ForexMinute.com — A low volatility weekend kept Litecoin in between a predefined pattern, with price consolidating sideways without hitting a proper buying/selling pressure in the market. A part of this action was influenced from Bitcoin, whose own price was consolidating within strict parameters from last two days. Litecoin, as it seems, simply tailed it. Let’s have a detailed look:
Litecoin 4H Chart
As we can see the 4H BTC-e chart above, Litecoin is in the midst of a moderate widened trading range, currently sighting 2.694 as its in-term support, and 3.136 as its in-term resistance level. The bias meanwhile continues to be bullish, for the price is clearly trending above its 50, 100 and 200H SMA; and the RSI is trending sideways between 55 and 60. The MACD indicator meanwhile has dipped below the signal curve, but continues to stay above the normal line.
At this point of time, we are clearly awaiting a breakout towards either levels, something which we have seen in past as well. At first, Litecoin will be clearly attempting to break above the in-term resistance level near 3.136 to establish 3.424 as the primary upside target. Despite being an attractive long position, we would urge traders to avoid entering their position while the price is below the in-term line. This is due to strong pullback pressure the level has demonstrated in past few days. And even if you do place a long towards the primary target, make sure to place your stop loss a little below your entry position to ensure a timely exit with a little loss, in case the bias gets invalidated.
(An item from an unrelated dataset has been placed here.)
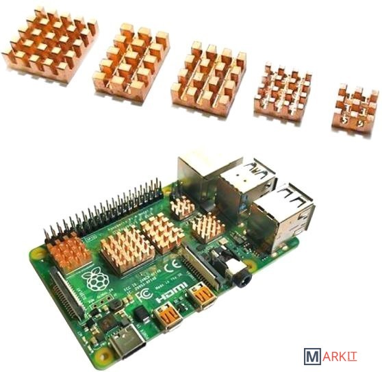 Комплект из пяти медных радиаторов для охлаждения микросхем одноплатного микрокомпьютера.15x10x4мм, 14x14x4мм, 13x11x4мм, 9x9x4мм и 7x7x4ммСовместимость Raspberry PI 4 model B

Conversely, a run towards the in-term support near 2.694 wouldn’t be that easy, as the road before that already has one strong temporary support line — near 2.779, which would open some decent short opportunities for traders. Only a break below this line would bring the in-term support back in sight, which would further validate 2.496 as its primary downside target. It would be ideal to place your stop loss near 2.846 to avoid being chopped off if the bias is reversed.